On Fri, Sep 01 2006, David Chinner wrote:
> On Thu, Aug 31, 2006 at 11:24:41AM +0200, Jens Axboe wrote:
> > XFS list,
> >
> > On Wed, Aug 30 2006, Jeffrey E. Hundstad wrote:
> > > Jens Axboe wrote:
> > > >On Wed, Aug 30 2006, Jeffrey E. Hundstad wrote:
> > > >
> > > >>I tried your splie-git...tar.gz file and tried the splice-cp. It
> > > >>produced files that are the right length... but the files only contain
> > > >>nulls. Here's the straces:
> > > >>
> > > >
> > > >Works for me as well.
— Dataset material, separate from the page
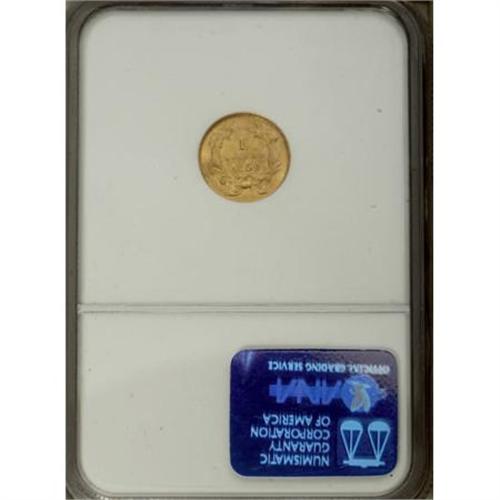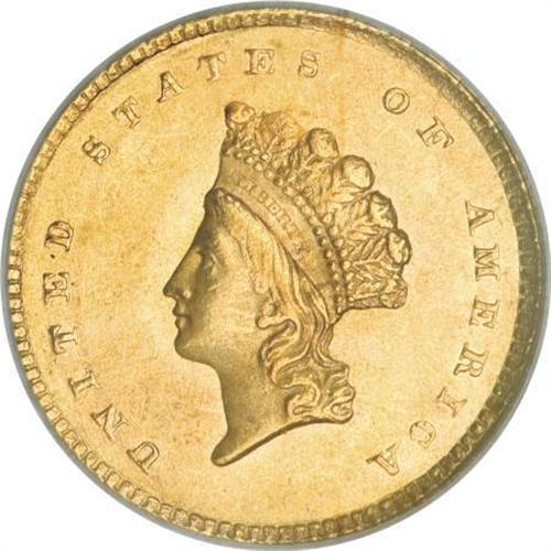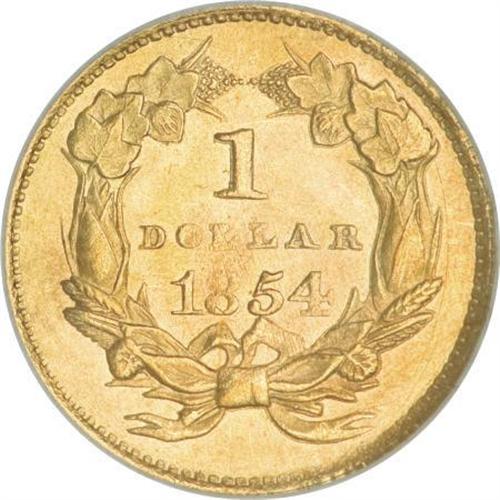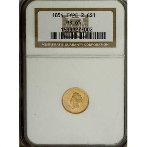 <B>1854 G$1 Type Two MS65 NGC.</B></I> The 1854 Indian Head gold dollar (Type Two), with a mintage approaching 800,000 pieces, is common by most measures. This becomes evident upon perusing the NGC/PCGS population figures, showing several thousand examples in all grades. The Gem population drops precipitously, however, with roughly 100 coins certified.<BR> Vibrant, swirling luster embraces this MS65 specimen. Attractive yellow-gold patina graces both sides, and the design elements exhibit a somewhat better strike than is usually seen on the issue. Still, minor softness is apparent in the hair at the forehead, on the OL of DOLLAR, and the upper part of the 8 in the date. A few unobtrusive handling marks are all that stand in the way of this lovely piece achieving an even finer grade. Census: 29 in 65, 11 finer (11/07).<BR><I>From The Florissant Collection.</B></I><BR><BR><B>Coin Engraver:</B> James B. Longacre<BR><BR><b>Shipping:</b> Coins & Currency (<a target="_blank" href="http://www.heritageauctions.com/common/shipping.php">view shipping information</a>)

Could be an fs issue, how large was the README and
> > > >what filesystem did you use?
> > > >
> > > >
> > > The file was 1130 bytes (it was the README in that directory.) The
> > > filesystem is XFS.
> > >
> >
> > I can reproduce this quite easily, doing:
> >
> > nelson:~ # splice-cp sda.blktrace.0 foo
> >
> > nelson:~ # md5sum sda.blktrace.0 foo
> > 4754070ae77091468c830ea23b125d68 sda.blktrace.0
> > efdc7b9d00692fdfe91a691277209267 foo
>
> Busted write side - splice-in works fine, splice-out is an alias
> for /dev/zero. The reason it's full of NULLs:
>
> death:/mnt# xfs_bmap -vv foo
> foo: no extents
> death:/mnt#
>
> It's a hole. Nothing has been flushed out to disk.
>
> Interesting - the inode is leaving pipe_to_file() dirty, the page is
> dirty, the buffer head is dirty, delay, mapped and uptodate. The
> page is the only page in the radix tree and the radix tree is marked
> dirty.
>
> But it never gets flushed out. Even when I use dd to seek past the
> first disk block and write further into the file, I still end up
> with a hole in the range where the original splice write should
> be which means it was no longer in the page cache.
>
> Copying a large file I can see dirty memory increase to tens of
> megabytes. Nothing is going to disk, writeback is not going above
> zero. Interestingly, when the write completes, the size of the page
> cache drops by almost exactly the size of the file being written -
> almost like a truncate_inode_pages() is occuring on file close.
>
> Oh, look - we _are_ tossing away all the pages on close.
>
> xfs_splice_write() hasn't updated the xfs inode size when extending the
> file. The linux inode has the correct value, but xfs thinks that it's
> only got a speculative allocation EOF (i.e. 0) so we invalidate it
> before it gets to disk.
>
> The patch below just copies some code out of xfs_write() where it
> updates the xfs inode size and drops it in xfs_splice_write(). It's
> almost certainly not the right fix, but the bucket under the pipe will
> now catch most of the bits....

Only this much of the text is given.